# Chef uniform question



## dhammons (Oct 11, 2014)

I realize this may be a silly question, but having never used a chef uniform, I am curious. What, if anything, do you wear under your chef coat? I'm Going to be attending the CIA bootcamp in California (baking & pastry), and will receive 2 uniforms. I don't want to show up looking like a goof! . Was thinking maybe a light t-shirt or talk top? This is a dream I have wanted for to do for about 10 years, and hubby has tired of listening to me ask for this. Ha,ha....


----------



## chefboyog (Oct 23, 2013)

Nothing if its going to be hot, which it usually is being a kitchen. In February sometimes I can se my breath in the mornings because the intake takes so much cold air in so in that case; a sweater.

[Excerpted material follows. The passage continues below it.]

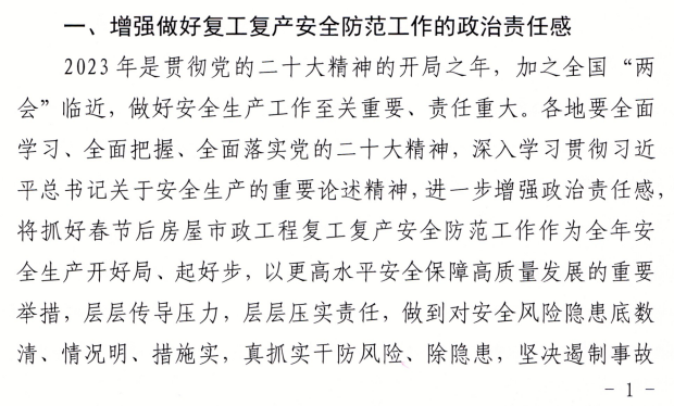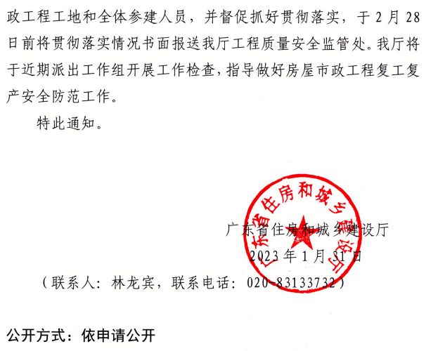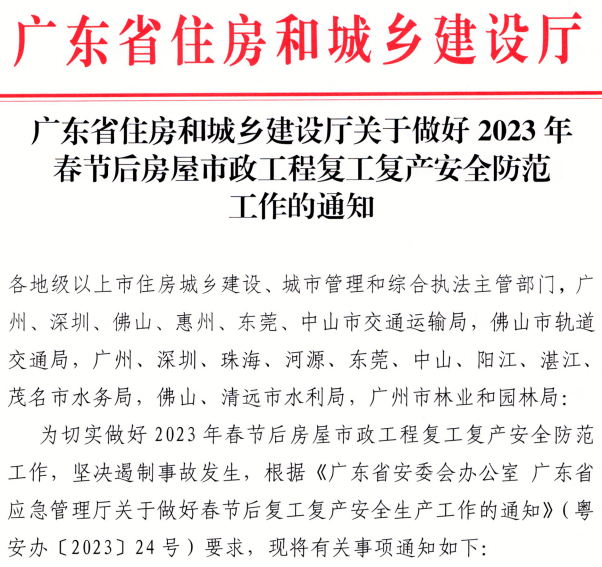 近日,廣東省住建廳發(fā)布《廣東住建廳關于做好2023年春節(jié)后房屋市政工程復工復產(chǎn)安全防范工作的通知》。
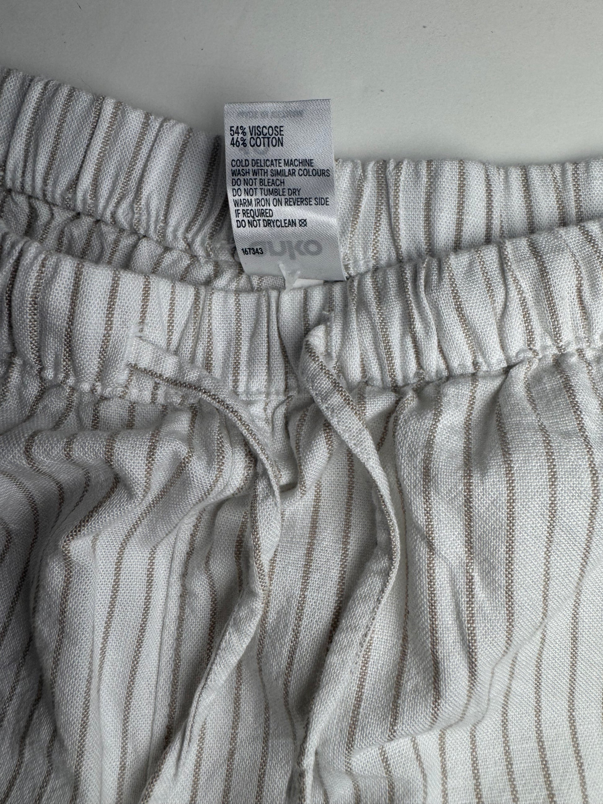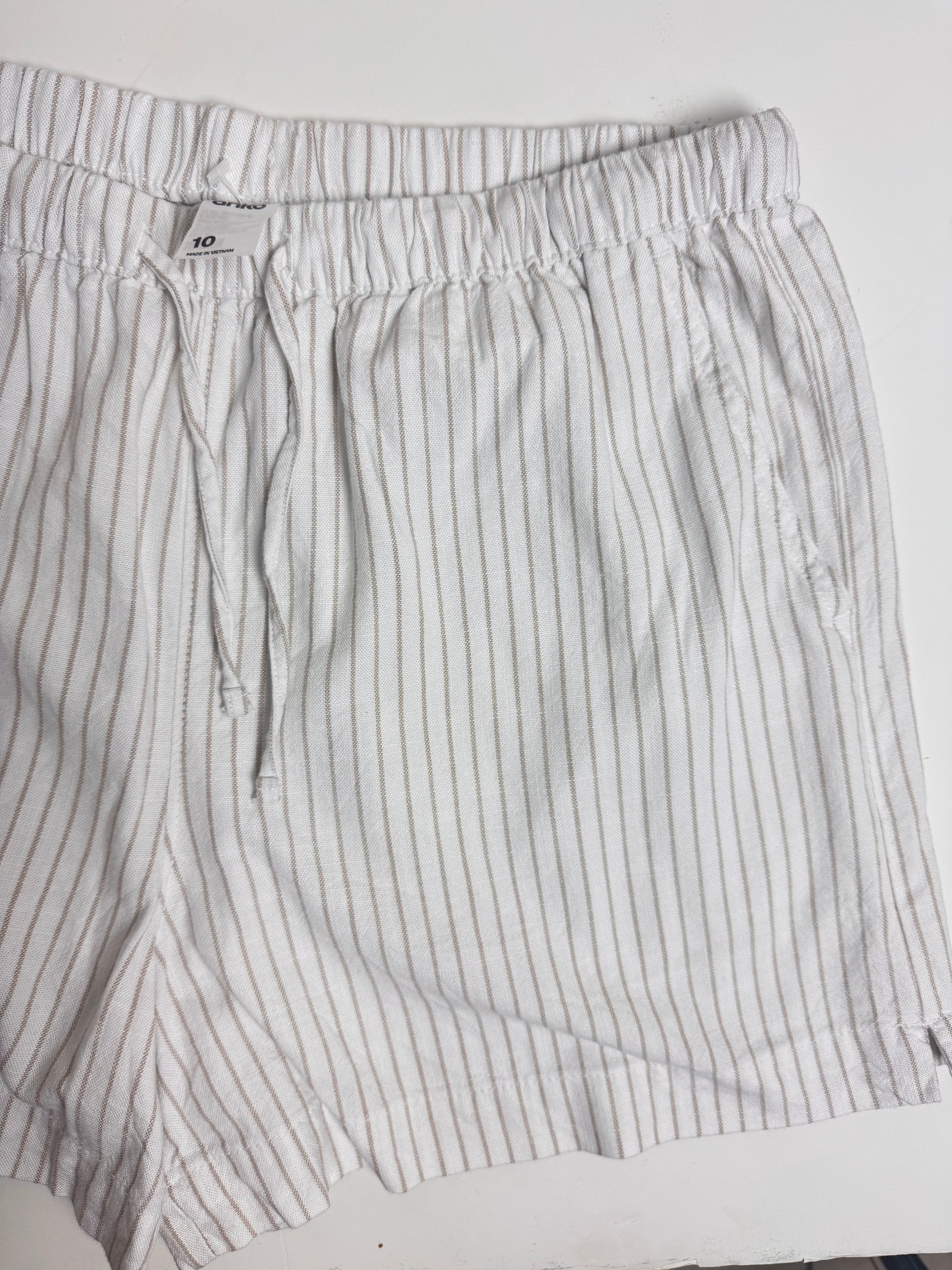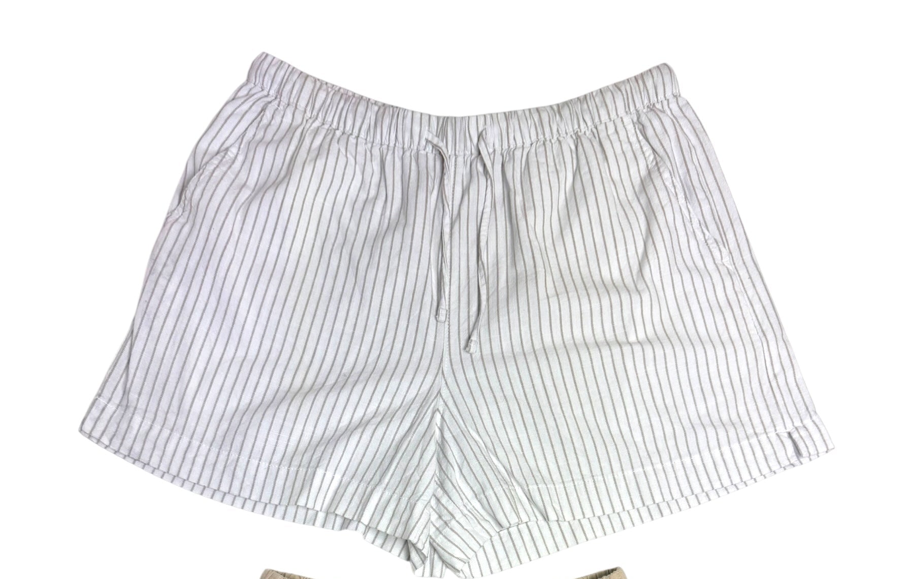 Beat the Dubai heat in style with these thrifted Anko white linen blend shorts with beige stripes. Designed with a relaxed fit and elasticated waistband, these shorts offer breathable comfort and effortless chic.

Have fun and dont sweat the small stuff!


----------



## panini (Jul 28, 2001)

I prefer a light undershirt. I would rather perspire in the shirt then the jacket, especially if you only have two. Also sometimes if you use some bleach to clean a uniform I know of a lot of people who get a rash if they perspire onto bleached clothing. just sayin

like @chefboyOG says. Take it serious but not to the point of not enjoying it. You'll have a blast!


----------



## invermarnoch243 (Oct 16, 2014)

A white cotton short-sleeved T-shirt for me. I find it very comfortable.


----------



## dhammons (Oct 11, 2014)

Thanks for the replies. I purchased a few lightweight t-shirts and have been trying them out w/ success.


----------